#### Study material

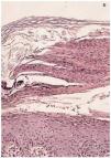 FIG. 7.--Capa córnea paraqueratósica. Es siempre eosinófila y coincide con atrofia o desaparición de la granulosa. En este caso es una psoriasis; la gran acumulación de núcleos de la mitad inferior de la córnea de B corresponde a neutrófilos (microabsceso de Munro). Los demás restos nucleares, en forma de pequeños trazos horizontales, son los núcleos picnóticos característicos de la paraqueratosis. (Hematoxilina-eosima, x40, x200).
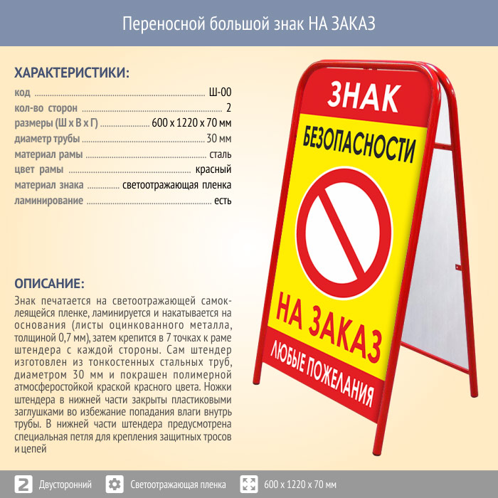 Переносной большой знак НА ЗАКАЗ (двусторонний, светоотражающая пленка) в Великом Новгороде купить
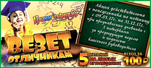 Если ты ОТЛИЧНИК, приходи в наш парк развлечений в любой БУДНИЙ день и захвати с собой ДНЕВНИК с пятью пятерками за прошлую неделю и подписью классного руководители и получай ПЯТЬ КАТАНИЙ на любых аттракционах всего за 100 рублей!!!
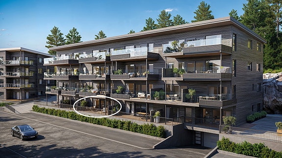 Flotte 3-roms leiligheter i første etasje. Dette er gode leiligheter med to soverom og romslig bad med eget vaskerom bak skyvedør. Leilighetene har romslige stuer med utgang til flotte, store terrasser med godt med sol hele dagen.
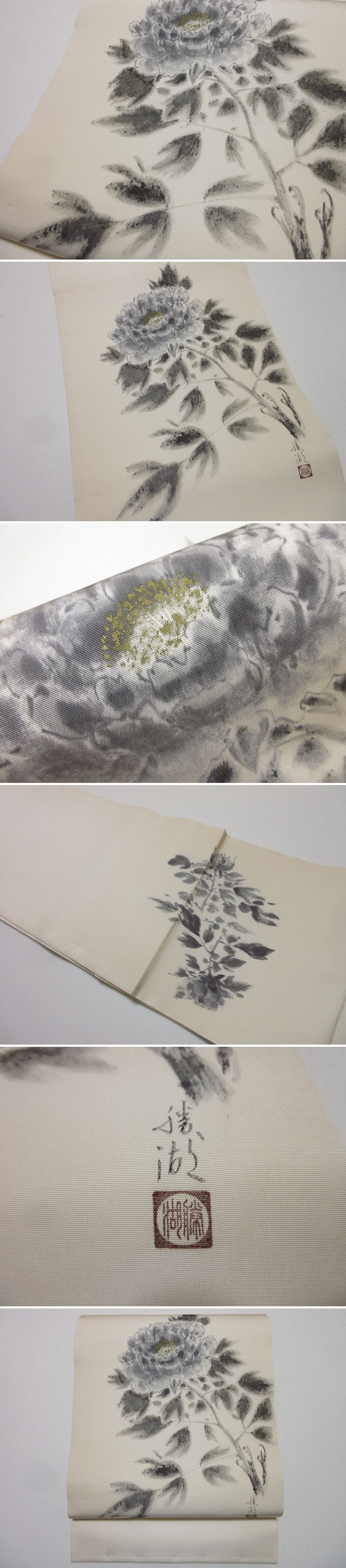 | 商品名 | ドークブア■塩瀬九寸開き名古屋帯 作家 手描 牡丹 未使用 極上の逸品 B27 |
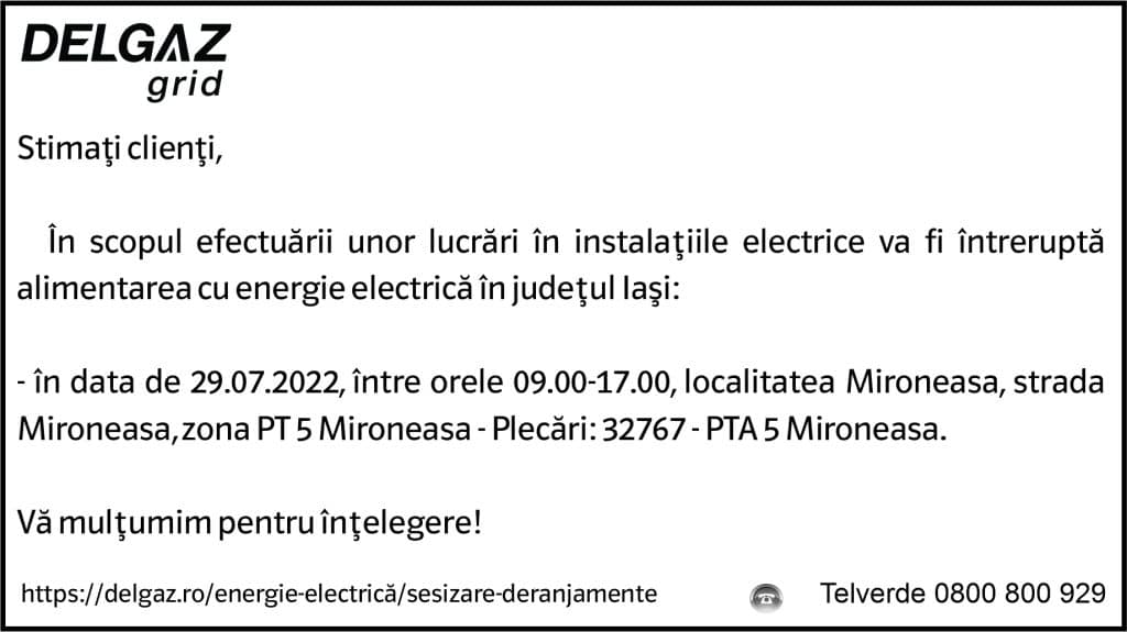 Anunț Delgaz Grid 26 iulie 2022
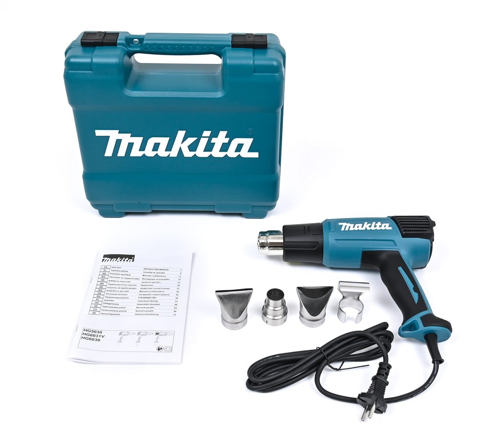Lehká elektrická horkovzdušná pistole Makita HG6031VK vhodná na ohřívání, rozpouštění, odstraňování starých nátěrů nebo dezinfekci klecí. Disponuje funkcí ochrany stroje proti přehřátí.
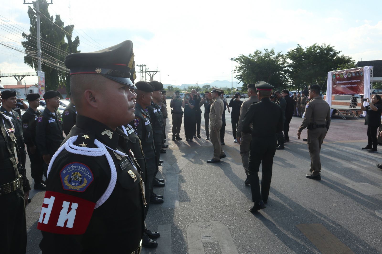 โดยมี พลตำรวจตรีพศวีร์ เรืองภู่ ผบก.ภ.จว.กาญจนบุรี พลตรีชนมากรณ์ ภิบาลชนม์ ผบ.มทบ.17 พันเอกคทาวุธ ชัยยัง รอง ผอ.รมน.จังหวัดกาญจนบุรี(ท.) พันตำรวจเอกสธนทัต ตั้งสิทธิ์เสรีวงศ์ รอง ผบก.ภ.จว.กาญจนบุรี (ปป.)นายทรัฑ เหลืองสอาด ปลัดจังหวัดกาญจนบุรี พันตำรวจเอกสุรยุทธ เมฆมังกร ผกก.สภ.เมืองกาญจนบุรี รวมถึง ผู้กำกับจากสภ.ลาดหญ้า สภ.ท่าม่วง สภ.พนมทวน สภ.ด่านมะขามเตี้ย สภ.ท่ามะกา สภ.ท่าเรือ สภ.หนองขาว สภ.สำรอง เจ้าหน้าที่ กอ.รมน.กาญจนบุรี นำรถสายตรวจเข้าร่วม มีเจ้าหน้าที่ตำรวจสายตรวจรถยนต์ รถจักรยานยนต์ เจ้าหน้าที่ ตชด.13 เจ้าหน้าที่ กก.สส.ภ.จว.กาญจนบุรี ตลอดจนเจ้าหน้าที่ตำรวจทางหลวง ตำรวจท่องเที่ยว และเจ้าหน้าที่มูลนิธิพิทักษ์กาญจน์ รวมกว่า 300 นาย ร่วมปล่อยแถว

---

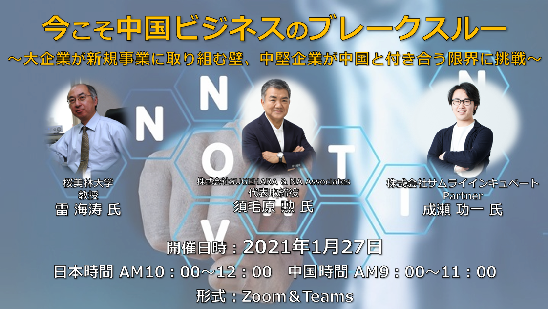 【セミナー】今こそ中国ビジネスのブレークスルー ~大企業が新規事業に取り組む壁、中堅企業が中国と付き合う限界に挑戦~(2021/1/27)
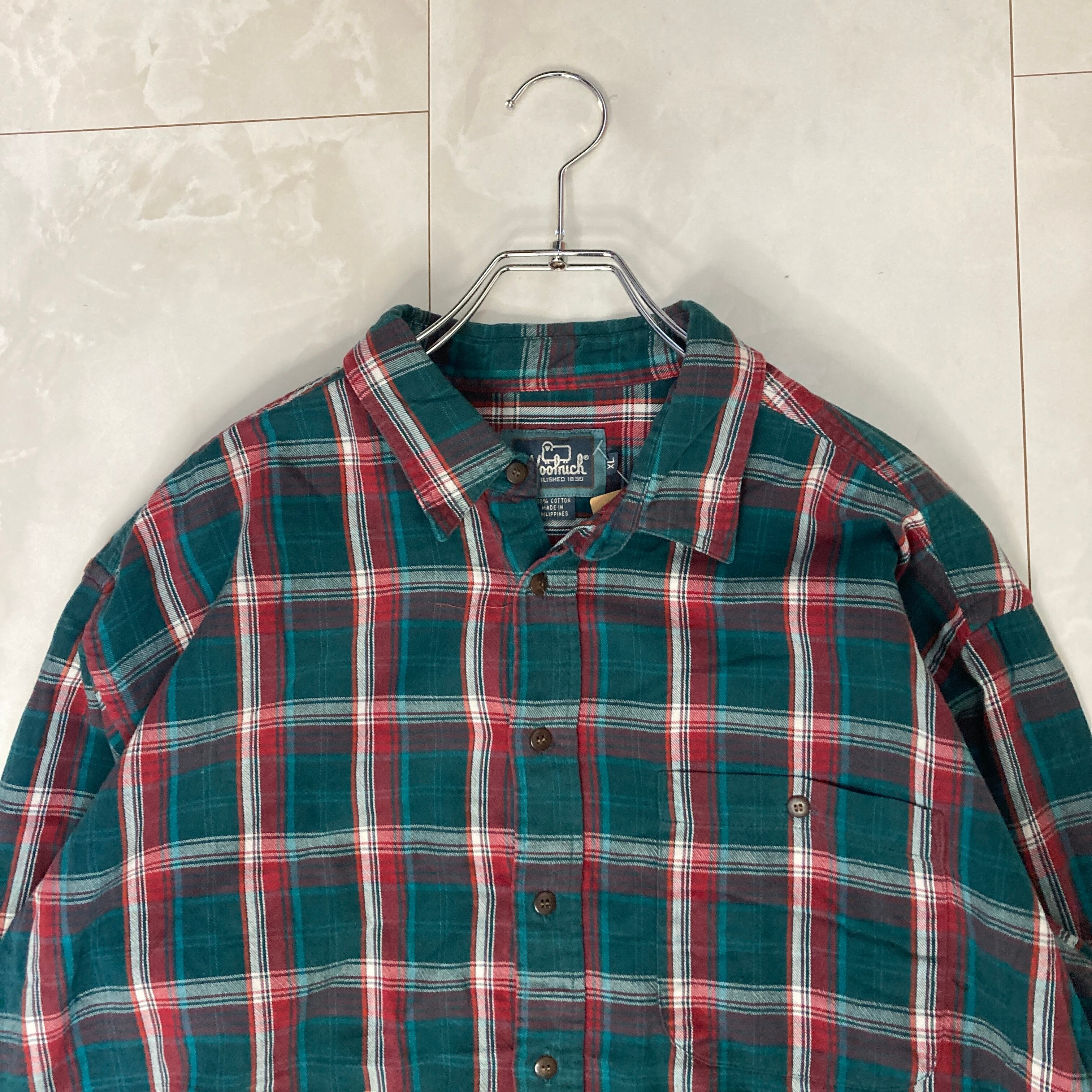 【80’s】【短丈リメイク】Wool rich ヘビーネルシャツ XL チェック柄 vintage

...

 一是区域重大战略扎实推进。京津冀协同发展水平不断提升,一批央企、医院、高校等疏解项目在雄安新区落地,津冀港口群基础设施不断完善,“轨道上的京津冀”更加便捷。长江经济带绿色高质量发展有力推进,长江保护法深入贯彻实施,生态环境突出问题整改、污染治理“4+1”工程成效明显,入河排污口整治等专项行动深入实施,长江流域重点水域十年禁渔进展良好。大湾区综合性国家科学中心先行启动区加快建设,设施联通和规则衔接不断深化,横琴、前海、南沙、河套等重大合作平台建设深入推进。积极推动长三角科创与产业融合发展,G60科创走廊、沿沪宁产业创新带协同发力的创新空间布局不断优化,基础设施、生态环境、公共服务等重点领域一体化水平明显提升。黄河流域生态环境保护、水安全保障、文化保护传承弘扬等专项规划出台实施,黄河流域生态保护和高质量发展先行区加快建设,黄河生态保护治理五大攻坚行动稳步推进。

#### Exercise aim
Reproduce word for word, with pictures dropped, only the part of the material above that opens with the line containing "Переносной большой знак" and closes with the line containing "โดยมี พลตำรวจตรีพศวีร์ เรืองภู่".

#### Written solution
 Переносной большой знак НА ЗАКАЗ (двусторонний, светоотражающая пленка) в Великом Новгороде купить
 Если ты ОТЛИЧНИК, приходи в наш парк развлечений в любой БУДНИЙ день и захвати с собой ДНЕВНИК с пятью пятерками за прошлую неделю и подписью классного руководители и получай ПЯТЬ КАТАНИЙ на любых аттракционах всего за 100 рублей!!!
 Flotte 3-roms leiligheter i første etasje. Dette er gode leiligheter med to soverom og romslig bad med eget vaskerom bak skyvedør. Leilighetene har romslige stuer med utgang til flotte, store terrasser med godt med sol hele dagen.
 | 商品名 | ドークブア■塩瀬九寸開き名古屋帯 作家 手描 牡丹 未使用 極上の逸品 B27 |
 Anunț Delgaz Grid 26 iulie 2022
Lehká elektrická horkovzdušná pistole Makita HG6031VK vhodná na ohřívání, rozpouštění, odstraňování starých nátěrů nebo dezinfekci klecí. Disponuje funkcí ochrany stroje proti přehřátí.
 โดยมี พลตำรวจตรีพศวีร์ เรืองภู่ ผบก.ภ.จว.กาญจนบุรี พลตรีชนมากรณ์ ภิบาลชนม์ ผบ.มทบ.17 พันเอกคทาวุธ ชัยยัง รอง ผอ.รมน.จังหวัดกาญจนบุรี(ท.) พันตำรวจเอกสธนทัต ตั้งสิทธิ์เสรีวงศ์ รอง ผบก.ภ.จว.กาญจนบุรี (ปป.)นายทรัฑ เหลืองสอาด ปลัดจังหวัดกาญจนบุรี พันตำรวจเอกสุรยุทธ เมฆมังกร ผกก.สภ.เมืองกาญจนบุรี รวมถึง ผู้กำกับจากสภ.ลาดหญ้า สภ.ท่าม่วง สภ.พนมทวน สภ.ด่านมะขามเตี้ย สภ.ท่ามะกา สภ.ท่าเรือ สภ.หนองขาว สภ.สำรอง เจ้าหน้าที่ กอ.รมน.กาญจนบุรี นำรถสายตรวจเข้าร่วม มีเจ้าหน้าที่ตำรวจสายตรวจรถยนต์ รถจักรยานยนต์ เจ้าหน้าที่ ตชด.13 เจ้าหน้าที่ กก.สส.ภ.จว.กาญจนบุรี ตลอดจนเจ้าหน้าที่ตำรวจทางหลวง ตำรวจท่องเที่ยว และเจ้าหน้าที่มูลนิธิพิทักษ์กาญจน์ รวมกว่า 300 นาย ร่วมปล่อยแถว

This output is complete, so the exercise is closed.